On Wed, 18 Jun 2025 11:39:20 -0400 (EDT)
Nicolas Pitre <nico@fluxnic.net> wrote:

> On Wed, 18 Jun 2025, David Laight wrote:
> 
> > On Tue, 17 Jun 2025 21:33:23 -0400 (EDT)
> > Nicolas Pitre <nico@fluxnic.net> wrote:
> >   
> > > On Tue, 17 Jun 2025, Nicolas Pitre wrote:
> > >   
> > > > On Sat, 14 Jun 2025, David Laight wrote:
> > > >     
> > > > > Replace the bit by bit algorithm with one that generates 16 bits
> > > > > per iteration on 32bit architectures and 32 bits on 64bit ones.
> > > > > 
> > > > > On my zen 5 this reduces the time for the tests (using the generic
> > > > > code) from ~3350ns to ~1000ns.
> > > > > 
> > > > > Running the 32bit algorithm on 64bit x86 takes ~1500ns.

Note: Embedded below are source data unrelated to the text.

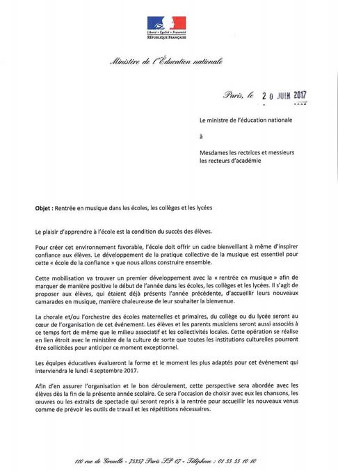Cette mobilisation va trouver un premier développement avec la rentrée en musique afin de marquer de manière positive le début de l’année dans les écoles, les collèges et les lycées. Il s’agit de proposer aux élèves, qui étaient déjà présents l’année précédente, d’accueillir leurs nouveaux camarades en musique, manière chaleureuse de leur souhaiter la bienvenue.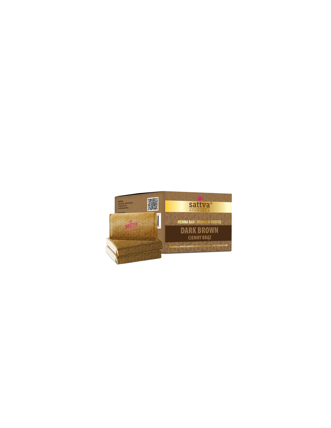 SATTVA HENNA W KOSTCE CIEMNY BRĄZ/DARK BROWN 240G (3 X 80G)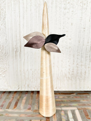 The Round Convex Drop Earrings feature a large round convex leather disc in a metallic print, dropped from a coordinating leather post for a lightweight, sculptural look. Modern and artful, they add an effortless touch of shine to any outfit.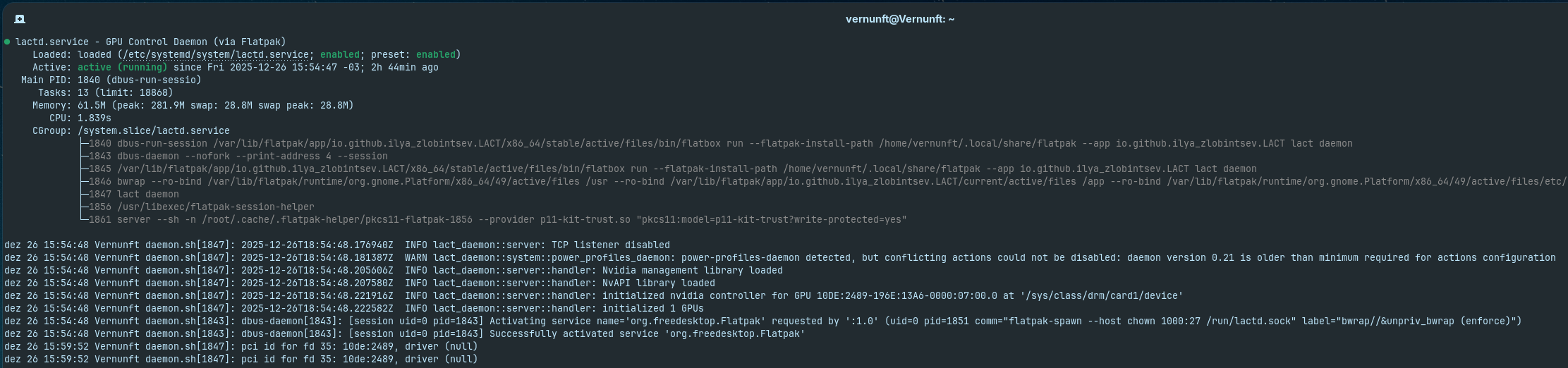 Saudações meus caros, sou novo aqui no Linux, estou tentando fazer um undervolt em minha RTX 3060 Ti, pelo software LACT, porém estou com o seguinte erro, alguém consegue me dar uma luz?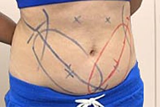 カウンセリングで決めた理想のボディラインをもとに、施術部位にマーキングをします。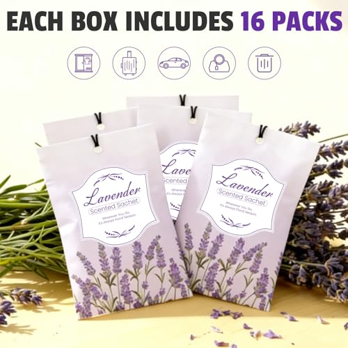 16 Packs Lavender Scented Sachets for Drawers and Closets,Long Lasting Sachet Bag Room Car Odor Deodorizer Fresh Scent Home Fragrance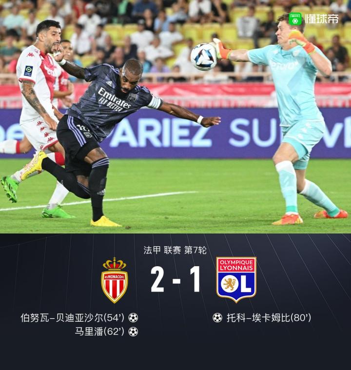 北京时间9月12日2:45,法甲第7轮,摩纳哥主场对阵里昂。上半场,迪亚塔推射击中立柱,拉卡泽特抽射被门将没收,泰特推射打偏。下半场,伯努瓦-巴迪亚西勒、马里潘头球破门,托科-埃卡姆比扳回一分,最终,摩纳哥2-1里昂。

> > > > > It'll be slightly slower on a real 32bit system, mostly due
> > > > > to register pressure.
> > > > > 
> > > > > The savings for 32bit x86 are much higher (tested in userspace).
> > > > > The worst case (lots of bits in the quotient) drops from ~900 clocks
> > > > > to ~130 (pretty much independant of the arguments).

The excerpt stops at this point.